Above photo: A concert in Goma for the launch of Notre Terre Sans Pétrole, October 2024. X/Notre Terre Sans Pétrole.
After constant campaigning and mounting global condemnation, the Congolese government has temporarily canceled a dangerous oil and gas auction.
“I was very angry. I was astonished. Everything I saw was stolen,” said François Kamate, an environmental activist from the Democratic Republic of Congo, or DRC. He was describing how it felt to enter the Royal Museum for Central Africa in Belgium for the first time.
The museum was built in a rich suburb of Brussels to showcase the spoils after King Leopold II declared a vast swath of Central Africa, including the entire present day DRC, to be his own private kingdom. What resulted was one of the most vicious and exploitative episodes of European colonial history, and the funneling of 10,000,000 zoological specimens and 120,000 cultural objects into the museum’s collection.

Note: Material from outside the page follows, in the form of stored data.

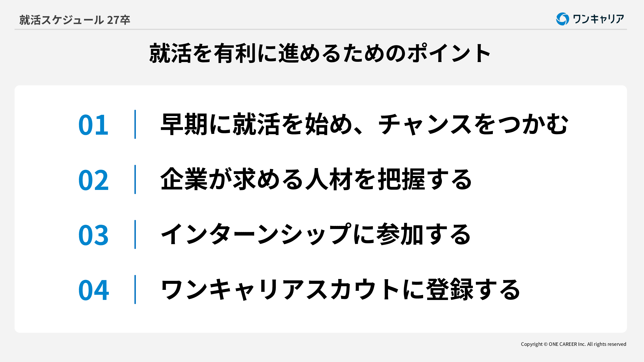・就活の全体像が分かり、スタートダッシュで周りと差がつく
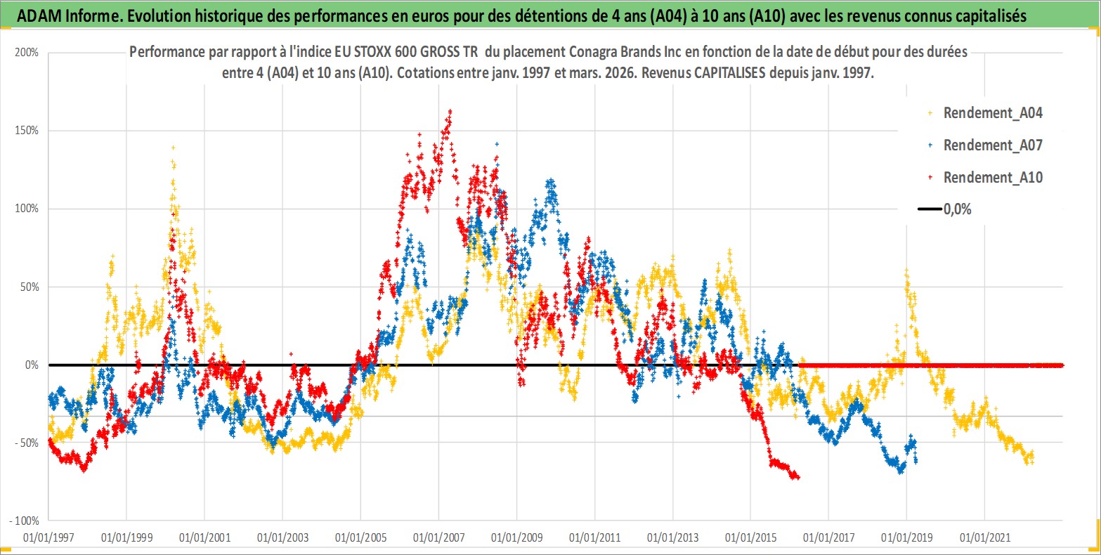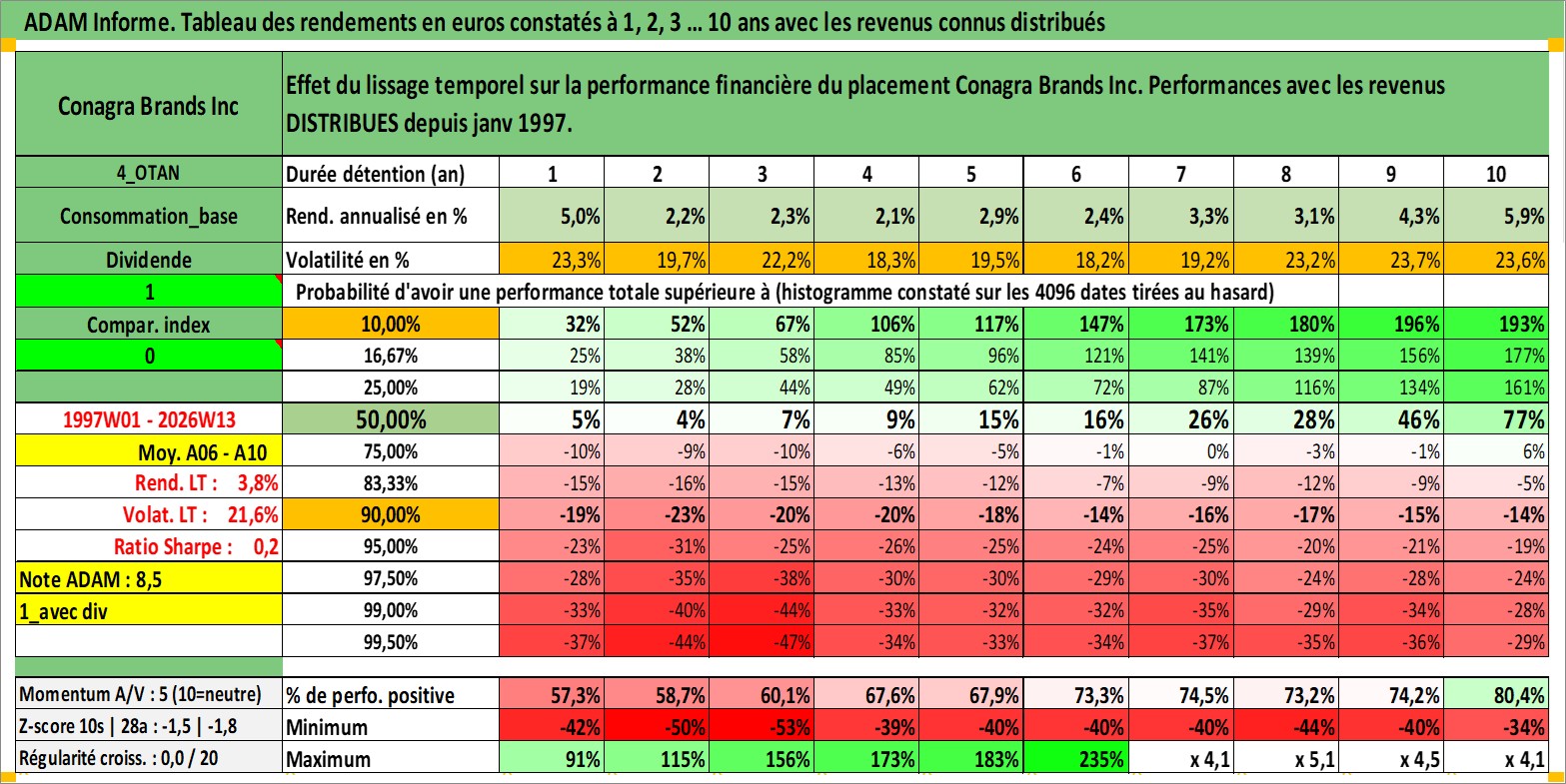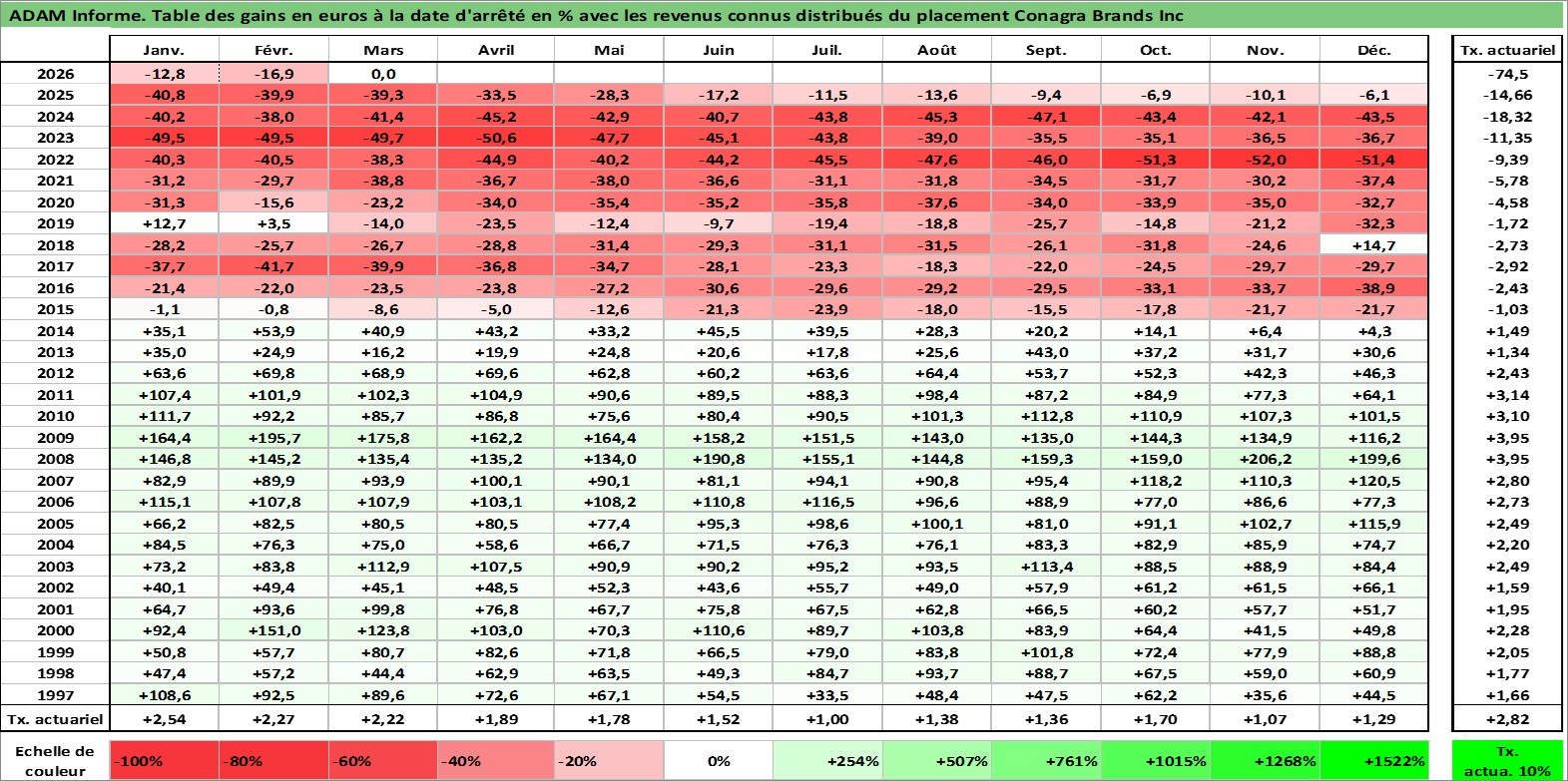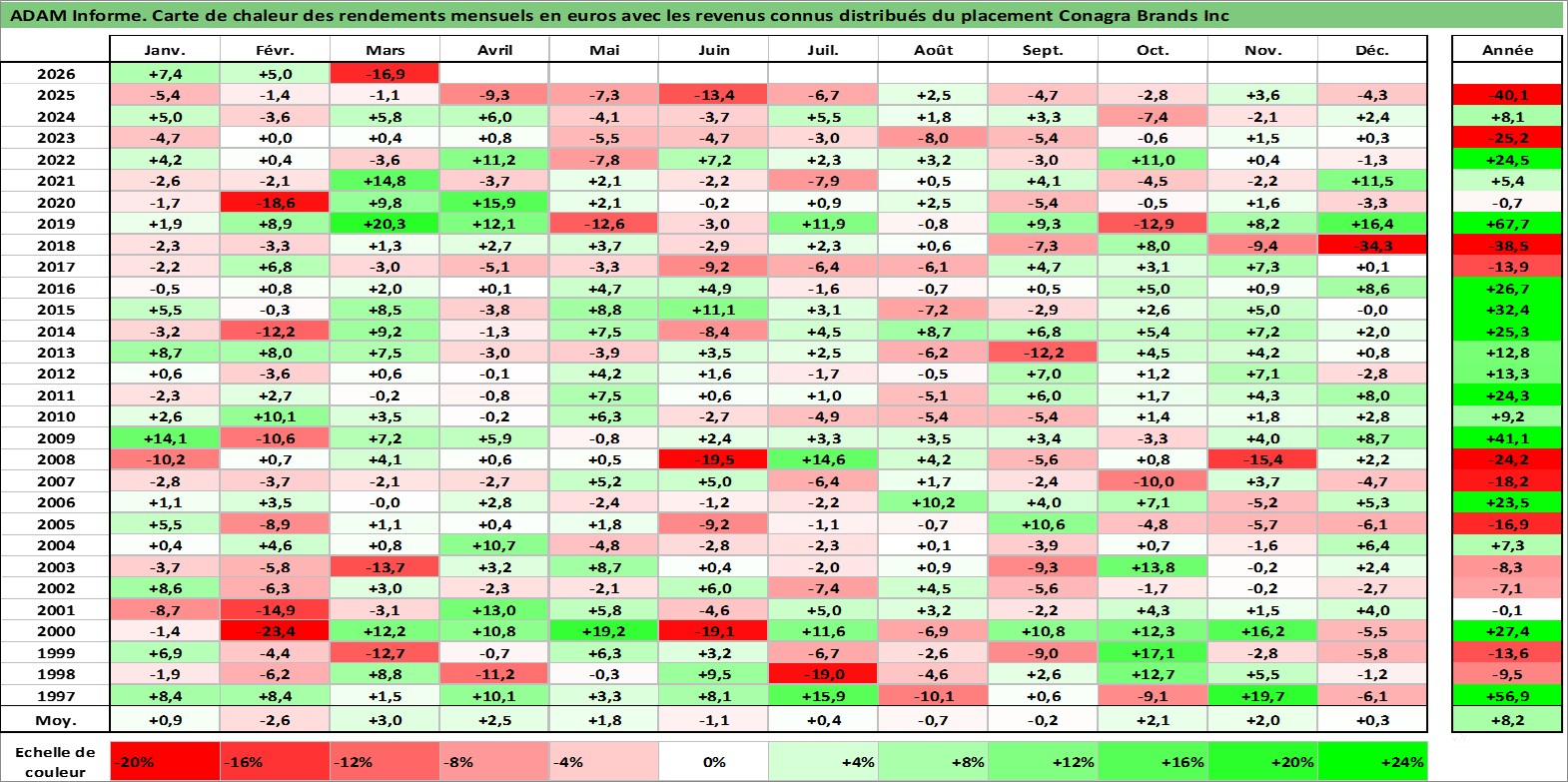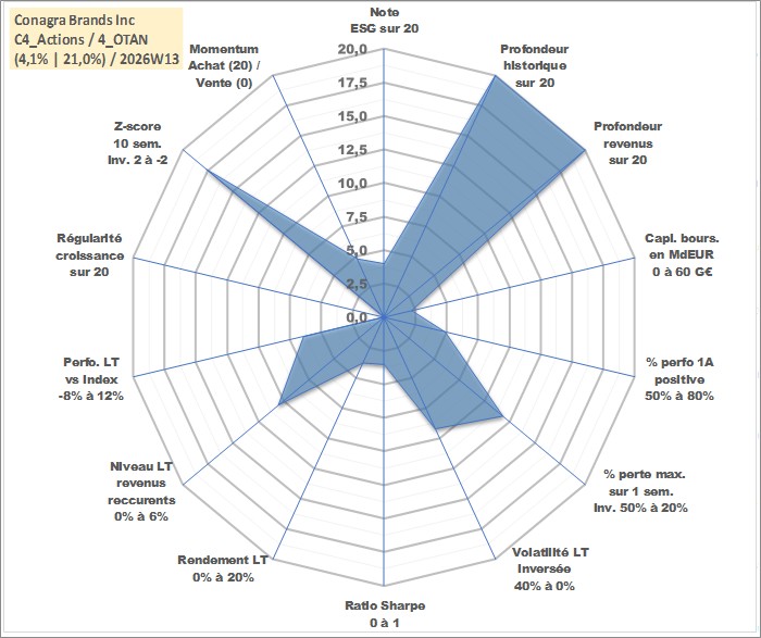 Site dédié aux investisseursPage dédiée sur site financeAnalyse des valorisations hebdomadaires de l'action Conagra Brands Inc. Cet actif est cote en USD. Les valorisations sont en contrevaleur EURO et couvrent les semaines 1997W01 a 2026W13. Les revenus de cet actif financier sont pris en compte depuis la semaine 1997W05. La note globale ESG de cet actif est estimee a 4.0 (apres rebasage entre 0 et 20).
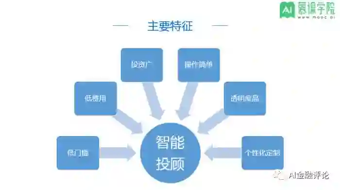传统投顾一对一的投资理财询问服务有成本高,服务对象少、知识储备不足,经验较少、存在道德风险等缺点。智能投顾将人工智能和大数据等技术引入投资顾问领域,可以处理海量的信息,快速应对时势。具有低门槛、低费用、投资广、易操作、透明度高和个性化定制六大优势和特点。
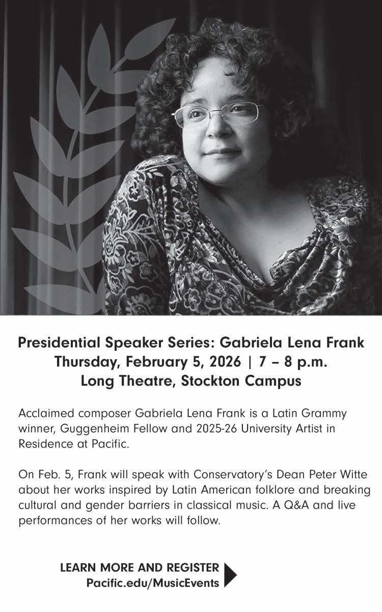 Musical America’s 2026 Composer of the Year, Gabriela Lena Frank, is University of the Pacific’s Artist-in-Residence for 2025–26. A Latin Grammy winner and Guggenheim Fellow, Frank is a northern California native. Written “for the citizens of Modesto, California past and present,” Frank’s composition from 2008 sets text by poet William Everson, also a northern Californian. San Joaquin celebrates the beauty of California’s Central Valley—a beauty that is sometimes overlooked. Pacific Singers will reprise San Joaquin as part of the Presidential Speaker Series with Gabriela Lena Frank on February 5 at Long Theatre, Stockton.
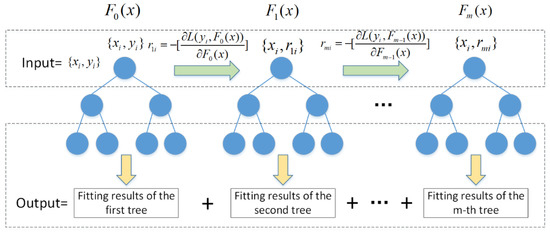 Gradient boosting decision tree is an iterative decision tree algorithm. The algorithm is composed of multiple decision trees, and the results of all trees are accumulated to obtain the final result [20]. Given a training dataset , is the characteristic affecting energy consumption, and is the predicted energy consumption of output. The goal of GBDT is to find a function that minimizes the given loss function . is accumulated by a series of decision trees . Each decision tree is optimized as:
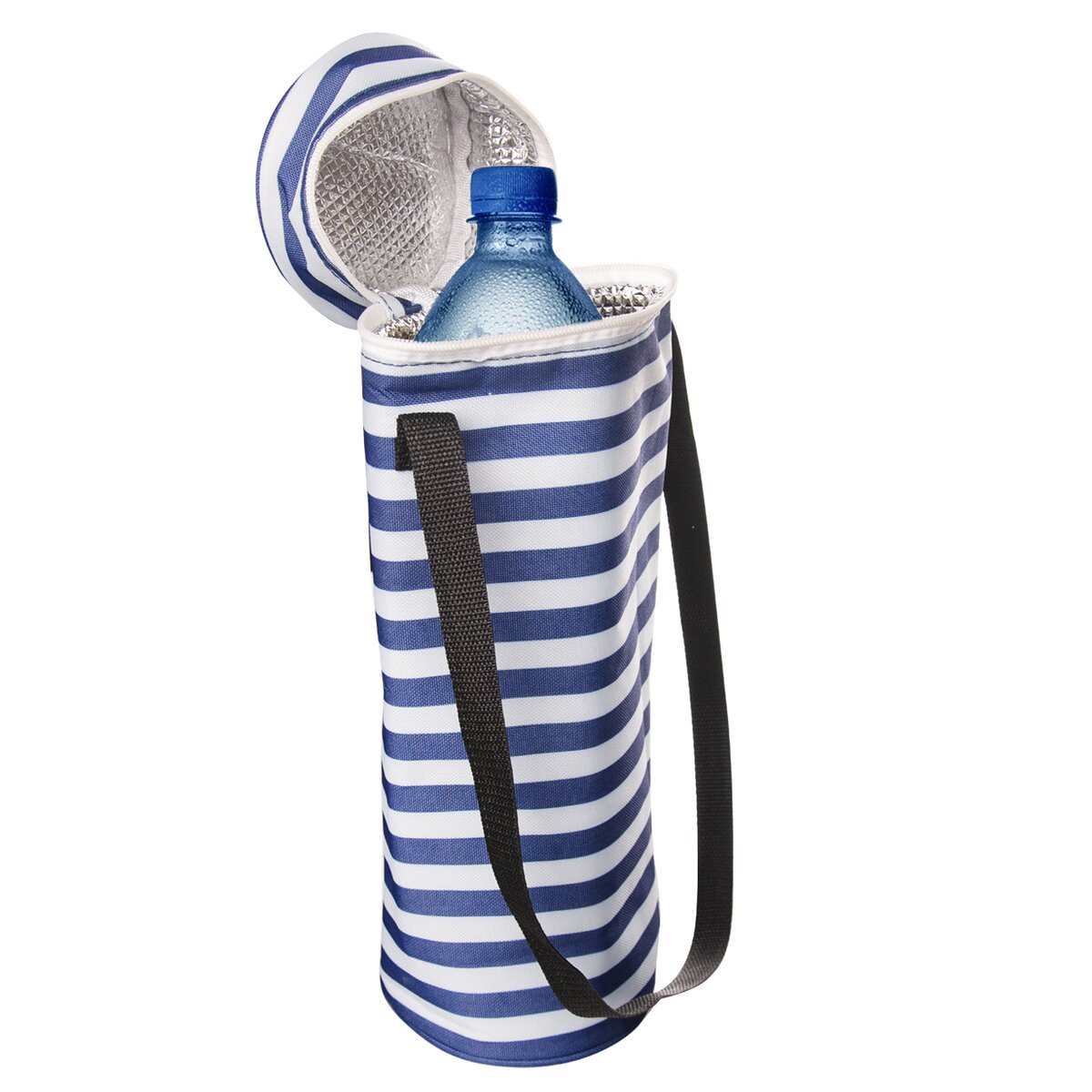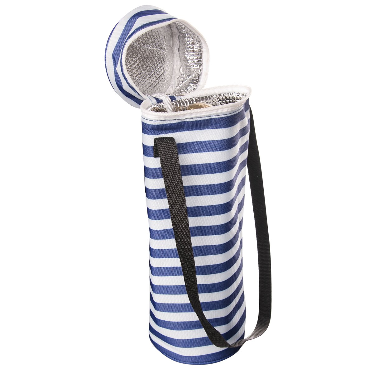 Kód produktu 731407Tmavě modrá pruhovaná termobrašna na láhev či kulaté dózy o průměru do 12 cm.
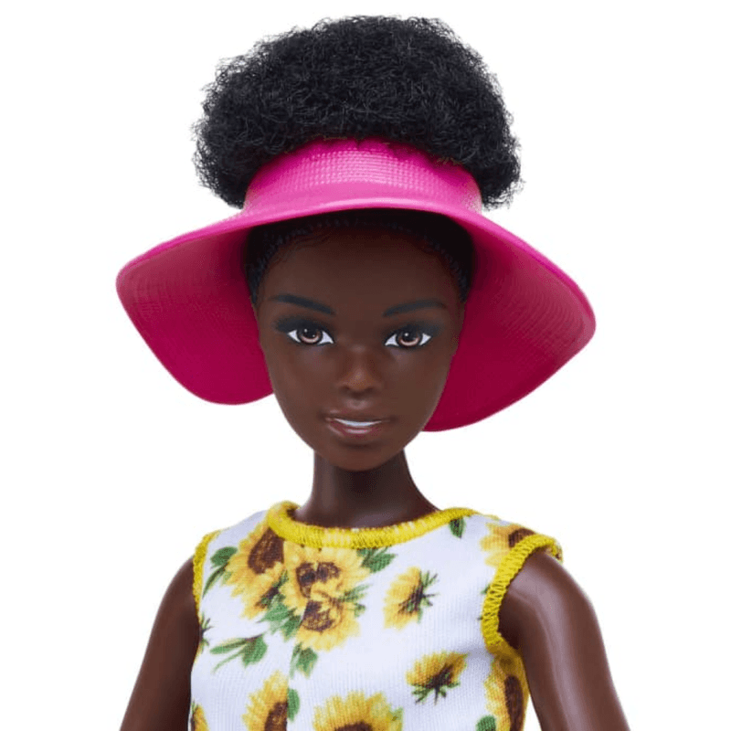 Em um macacão com estampa de girassol, chapéu de sol e botas fofas, a boneca Barbie está pronta para um dia de brincadeira.
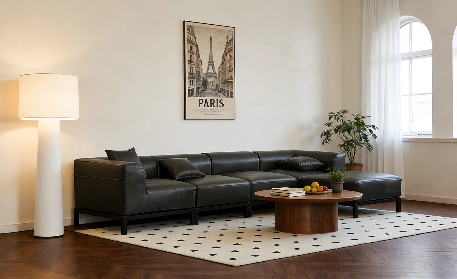 Minimalist Black Leather Modular Sofa
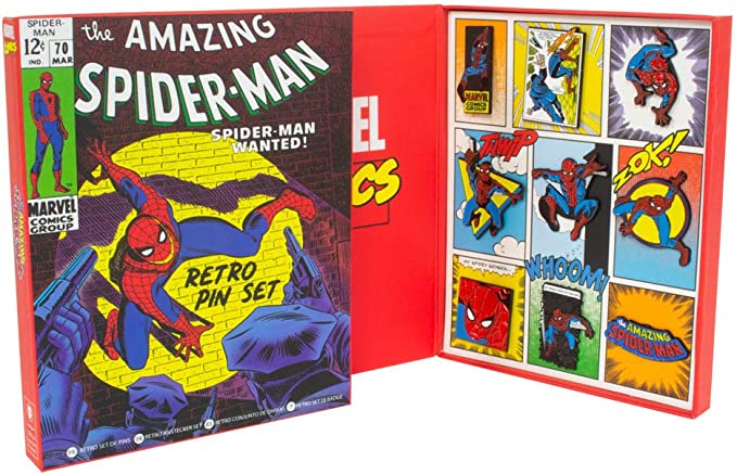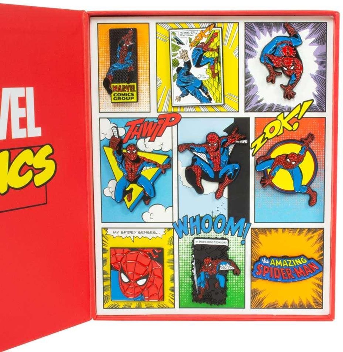 - Les badges d'épinglette incluent le logo rétro de Spider-Man, des poses et des photos d'action.

What astonished Kamate was not just the scale of the plunder on display, nor the fact that the Belgian state was still using it to enrich itself through ticket sales. It was the very concept of a museum brazenly displaying the results of such criminality. “I had no idea such places existed,” he said.
Along with a small group of local activists, Kamate stuck notices to the cabinets demanding the return of the stolen objects, as well as the cancellation of historic debts owed by the DRC to Western-controlled institutions like the World Bank and the IMF. Not only were these debts amassed by corrupt Congolese regimes propped up by the West, but those same nations have wreaked havoc on the country through their carbon emissions.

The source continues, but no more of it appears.